## Activity
With the pictures left aside, write out exactly the lines of the listing below from the line with "A flavorful medley" to the line with "Heart Concept: A...", both included, and only those.

## Provided data
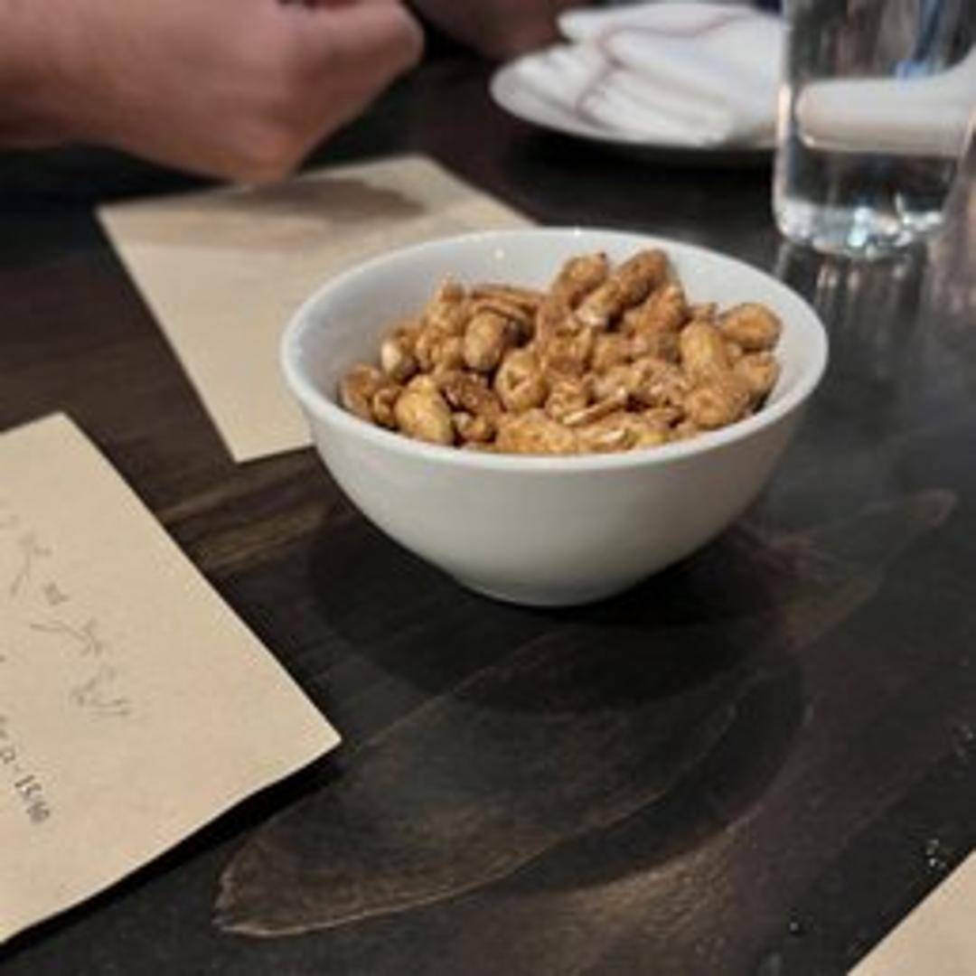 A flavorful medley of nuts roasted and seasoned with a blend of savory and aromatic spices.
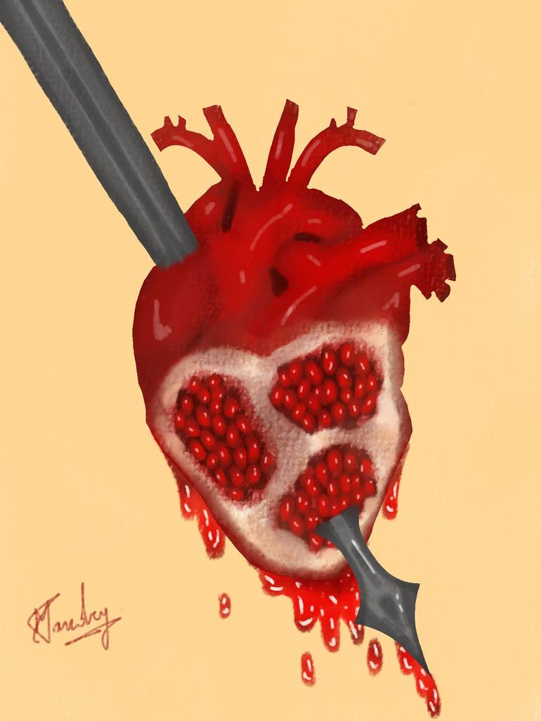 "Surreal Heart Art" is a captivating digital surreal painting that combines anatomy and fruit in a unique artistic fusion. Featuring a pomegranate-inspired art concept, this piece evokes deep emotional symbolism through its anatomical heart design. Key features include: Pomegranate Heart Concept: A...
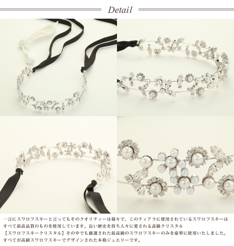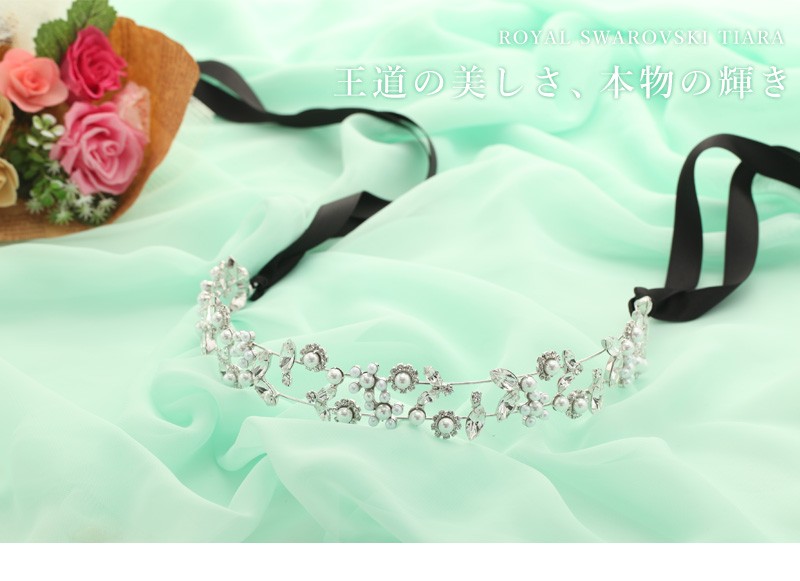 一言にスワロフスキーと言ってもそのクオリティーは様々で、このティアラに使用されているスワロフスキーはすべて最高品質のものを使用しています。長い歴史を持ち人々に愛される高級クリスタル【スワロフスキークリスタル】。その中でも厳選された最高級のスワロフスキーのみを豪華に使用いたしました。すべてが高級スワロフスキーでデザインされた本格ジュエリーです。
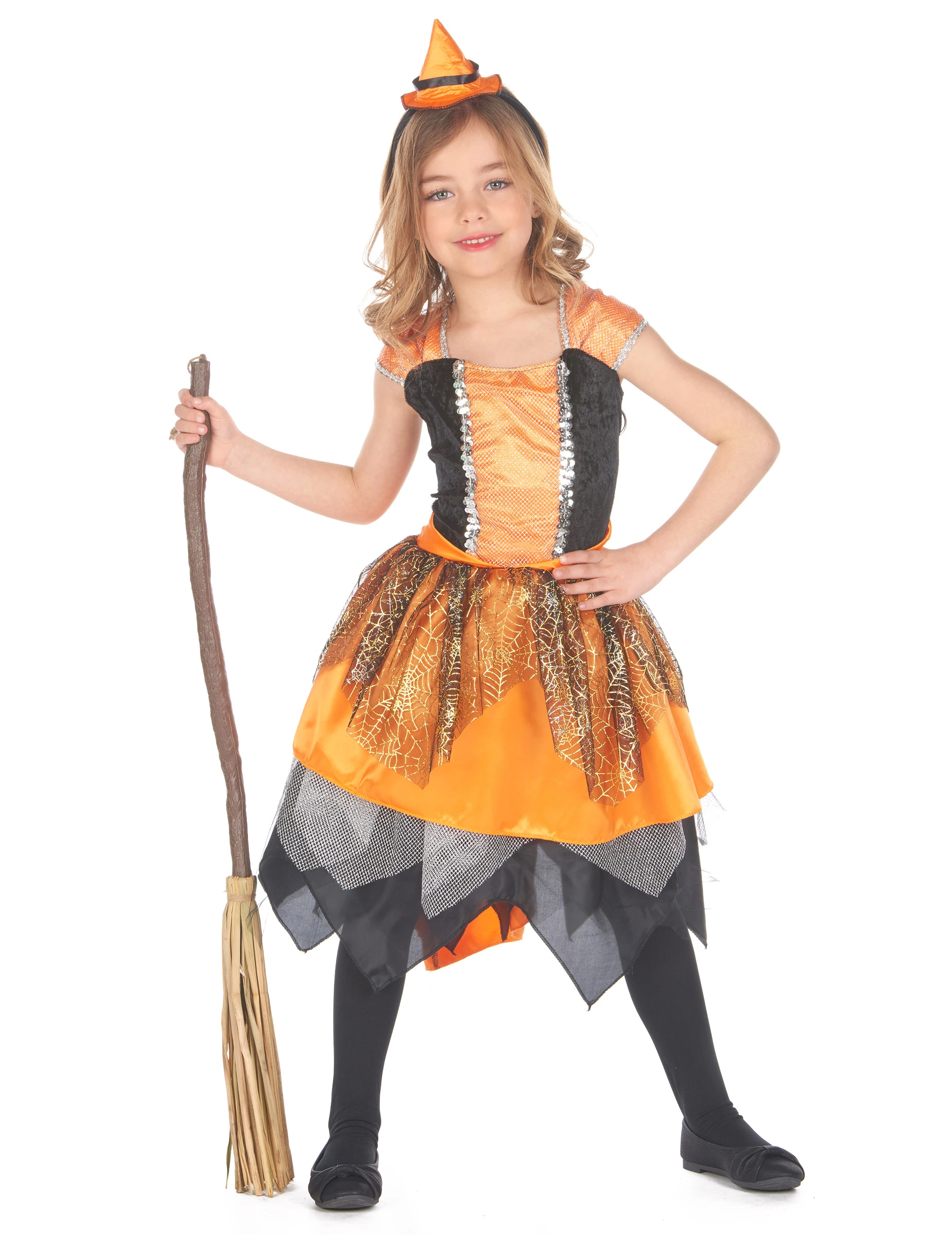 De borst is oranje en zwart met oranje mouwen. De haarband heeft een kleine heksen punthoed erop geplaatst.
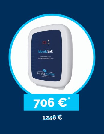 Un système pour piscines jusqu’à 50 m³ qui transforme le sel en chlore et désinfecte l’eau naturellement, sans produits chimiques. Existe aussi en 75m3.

--

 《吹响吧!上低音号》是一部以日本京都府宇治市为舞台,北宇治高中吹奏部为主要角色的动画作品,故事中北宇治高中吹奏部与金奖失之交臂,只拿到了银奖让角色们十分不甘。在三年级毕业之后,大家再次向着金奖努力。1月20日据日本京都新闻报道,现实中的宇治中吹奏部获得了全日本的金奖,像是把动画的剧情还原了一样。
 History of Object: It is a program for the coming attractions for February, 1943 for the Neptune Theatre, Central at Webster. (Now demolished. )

## Response to the exercise
 A flavorful medley of nuts roasted and seasoned with a blend of savory and aromatic spices.
 "Surreal Heart Art" is a captivating digital surreal painting that combines anatomy and fruit in a unique artistic fusion. Featuring a pomegranate-inspired art concept, this piece evokes deep emotional symbolism through its anatomical heart design. Key features include: Pomegranate Heart Concept: A...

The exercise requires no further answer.